## Data below
————————

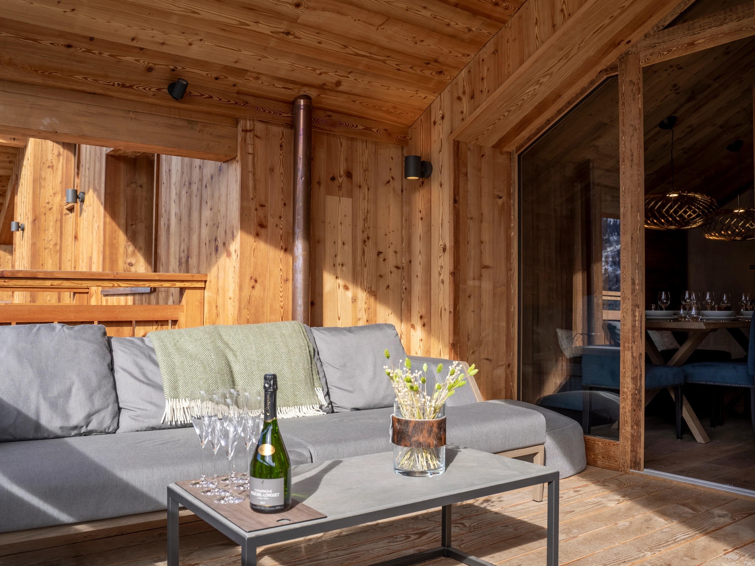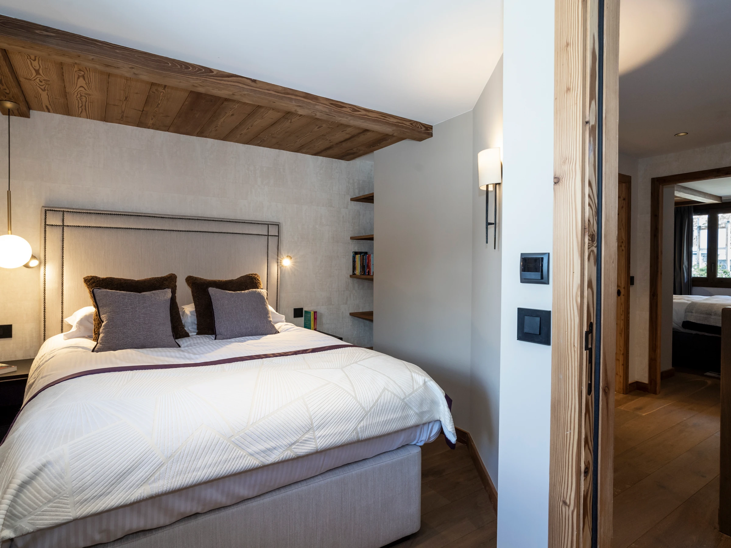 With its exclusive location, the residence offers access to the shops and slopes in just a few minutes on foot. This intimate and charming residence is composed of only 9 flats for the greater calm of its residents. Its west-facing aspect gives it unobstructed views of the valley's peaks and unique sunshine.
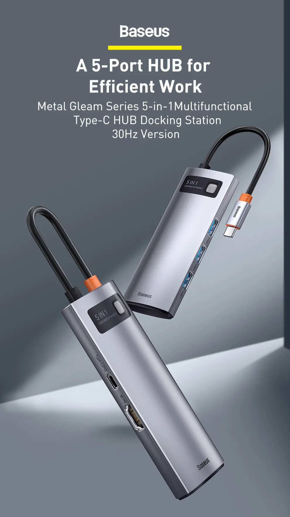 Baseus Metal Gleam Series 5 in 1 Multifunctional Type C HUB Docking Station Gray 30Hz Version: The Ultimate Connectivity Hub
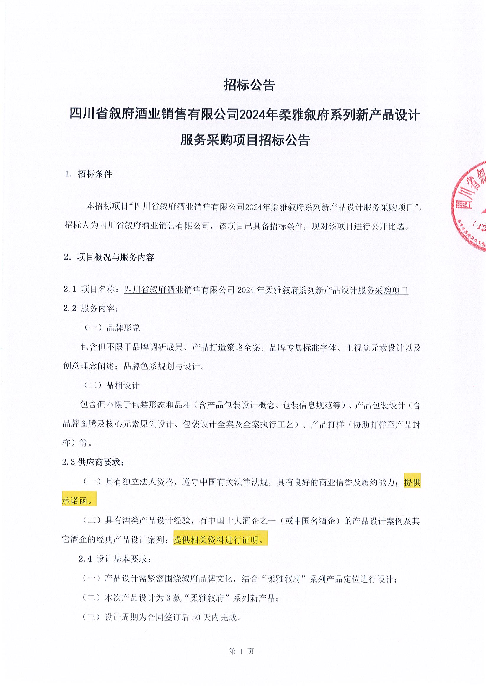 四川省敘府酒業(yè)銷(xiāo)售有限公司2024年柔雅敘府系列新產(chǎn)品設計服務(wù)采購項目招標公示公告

————————

## What is needed
Line by line, write out the material above exactly, with no images.

## Response area
 With its exclusive location, the residence offers access to the shops and slopes in just a few minutes on foot. This intimate and charming residence is composed of only 9 flats for the greater calm of its residents. Its west-facing aspect gives it unobstructed views of the valley's peaks and unique sunshine.
 Baseus Metal Gleam Series 5 in 1 Multifunctional Type C HUB Docking Station Gray 30Hz Version: The Ultimate Connectivity Hub
 四川省敘府酒業(yè)銷(xiāo)售有限公司2024年柔雅敘府系列新產(chǎn)品設計服務(wù)采購項目招標公示公告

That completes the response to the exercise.